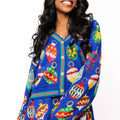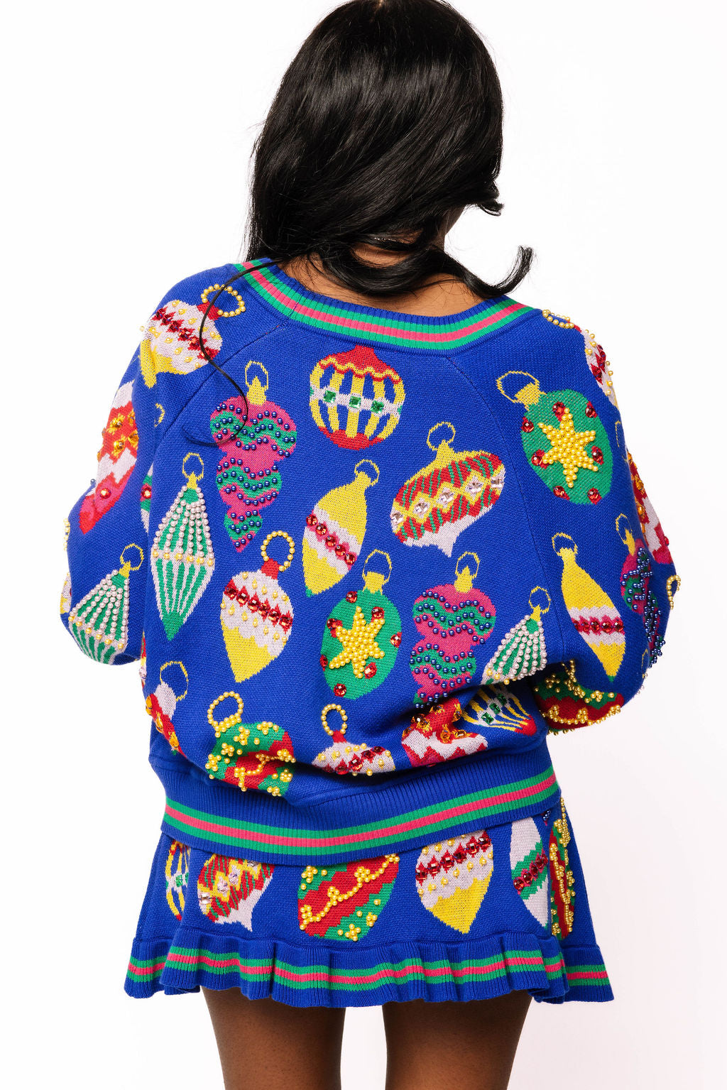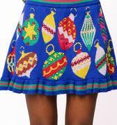 Celebrate the season in style with this royal blue skirt adorned with vibrant, colorful ornaments. Its lively design brings festive cheer to any outfit, while the rich blue hue adds a touch of elegance. Pair it with the matching cardigan for a playful, coordinated look that’s perfect for holiday parties and joyful gatherings.
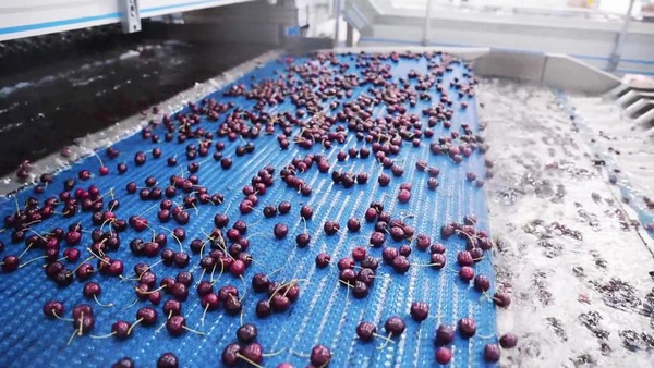 Der Compac Small Fruit Sorter separiert die einzelnen Früchte und leitet sie auf Fließbänder, wo jede einzelne Kirsche unter den InVision2 Kameras rotiert. Die Kameras machen 70 Fotos pro Kirsche und analysieren so, die Farbe, Qualität und Konsistenz der Frucht. Anschließend werden die Kirschen durch Wasserrinnen transportiert, danach auf Sortiertische und anschließend in die IOCEL Kisten-Befüller. Während des Verpackungsprozesses kontrollieren Mitarbeiter händisch die Qualität der Früchte, die verpackt werden. So können die Einstellungen des Systems weiter angepasst werden und wir können doppelt sicher sein, dass wir unseren Kunden nur die beste Qualität liefern. Bevor die Kisten auf Palletten gestellt werden, wird noch eine weitere Qualitätskontrolle vorgenommen. Anschließend kommen die Kisten in ein Kühllager. Dort bleiben sie, bis sie für den Transport verladen werden.
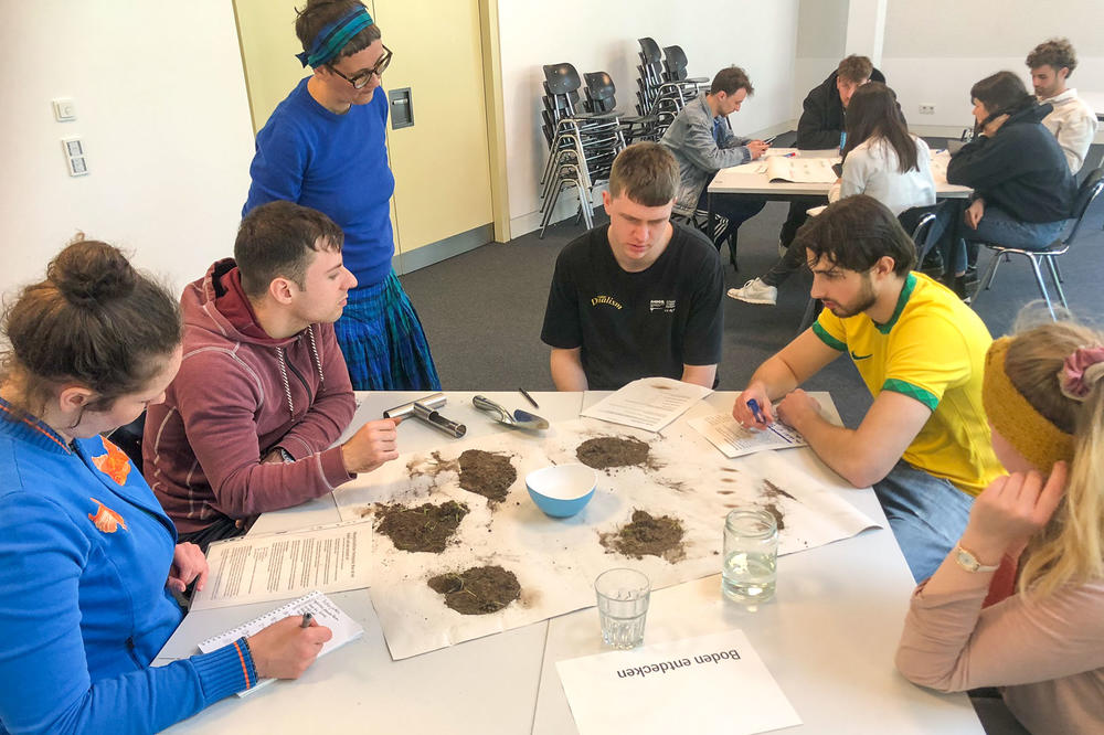 „Wir wollten es möglichst multiperspektivisch angehen und nahmen verschiedene Fachexpert*innen aus der Uni und der Praxis mit ins Boot“, erzählt Braun-Wanke. Unter anderem den Pflanzenkohle-Spezialisten Robert Wagner vom Fachbereich Geowissenschaften, die Pflanzenökologin Rebecca Rongstock, die Bodenforscherin Stefanie Maaß vom Institut für Biologie, Judith Hübner von der Koordinierungsstelle NUN, Expert*innen aus Landschaftsarchitektur, Kreislaufwirtschaft und "Schwammstadt" sowie Schüler*innen der Peter-Lenné-Schule, die eine Ausbildung in Garten- und Landschaftsbau machen.
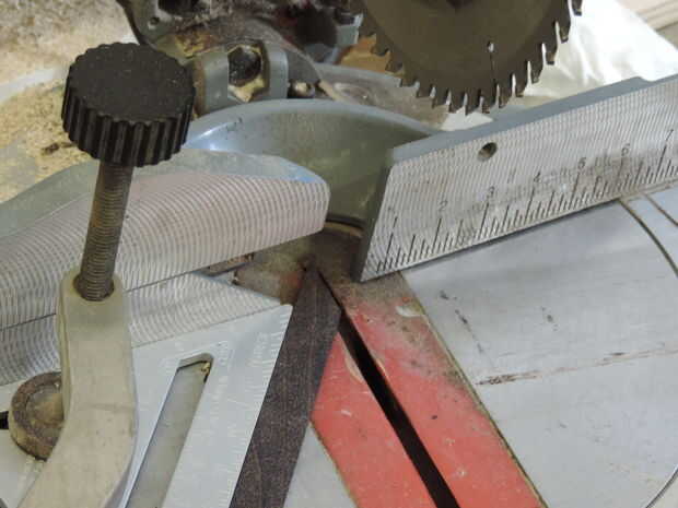 Paso 9: Corte los ángulos de las tiras, es cómo configurar mi chopsaw hasta conseguir el ángulo correcto.
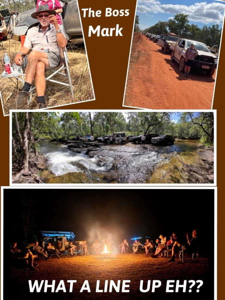 Up nice and early as not sure how much time it will take to pack up, breakfast and all by 8am sharp for Toolbox meeting at the bonnet of the Mark, the tour guide’s Ute, a map is spread out and told where we are going and what to expect, for example how much dirt, bitumen and road conditions, then on the road by 8:15am Ha! Ha!

> **HOW TO COMPLETE THIS TASK**: This task calls for the listing to be restated exactly, with images omitted.

> **OUTPUT OF THE EXERCISE**:
 Celebrate the season in style with this royal blue skirt adorned with vibrant, colorful ornaments. Its lively design brings festive cheer to any outfit, while the rich blue hue adds a touch of elegance. Pair it with the matching cardigan for a playful, coordinated look that’s perfect for holiday parties and joyful gatherings.
 Der Compac Small Fruit Sorter separiert die einzelnen Früchte und leitet sie auf Fließbänder, wo jede einzelne Kirsche unter den InVision2 Kameras rotiert. Die Kameras machen 70 Fotos pro Kirsche und analysieren so, die Farbe, Qualität und Konsistenz der Frucht. Anschließend werden die Kirschen durch Wasserrinnen transportiert, danach auf Sortiertische und anschließend in die IOCEL Kisten-Befüller. Während des Verpackungsprozesses kontrollieren Mitarbeiter händisch die Qualität der Früchte, die verpackt werden. So können die Einstellungen des Systems weiter angepasst werden und wir können doppelt sicher sein, dass wir unseren Kunden nur die beste Qualität liefern. Bevor die Kisten auf Palletten gestellt werden, wird noch eine weitere Qualitätskontrolle vorgenommen. Anschließend kommen die Kisten in ein Kühllager. Dort bleiben sie, bis sie für den Transport verladen werden.
 „Wir wollten es möglichst multiperspektivisch angehen und nahmen verschiedene Fachexpert*innen aus der Uni und der Praxis mit ins Boot“, erzählt Braun-Wanke. Unter anderem den Pflanzenkohle-Spezialisten Robert Wagner vom Fachbereich Geowissenschaften, die Pflanzenökologin Rebecca Rongstock, die Bodenforscherin Stefanie Maaß vom Institut für Biologie, Judith Hübner von der Koordinierungsstelle NUN, Expert*innen aus Landschaftsarchitektur, Kreislaufwirtschaft und "Schwammstadt" sowie Schüler*innen der Peter-Lenné-Schule, die eine Ausbildung in Garten- und Landschaftsbau machen.
 Paso 9: Corte los ángulos de las tiras, es cómo configurar mi chopsaw hasta conseguir el ángulo correcto.
 Up nice and early as not sure how much time it will take to pack up, breakfast and all by 8am sharp for Toolbox meeting at the bonnet of the Mark, the tour guide’s Ute, a map is spread out and told where we are going and what to expect, for example how much dirt, bitumen and road conditions, then on the road by 8:15am Ha! Ha!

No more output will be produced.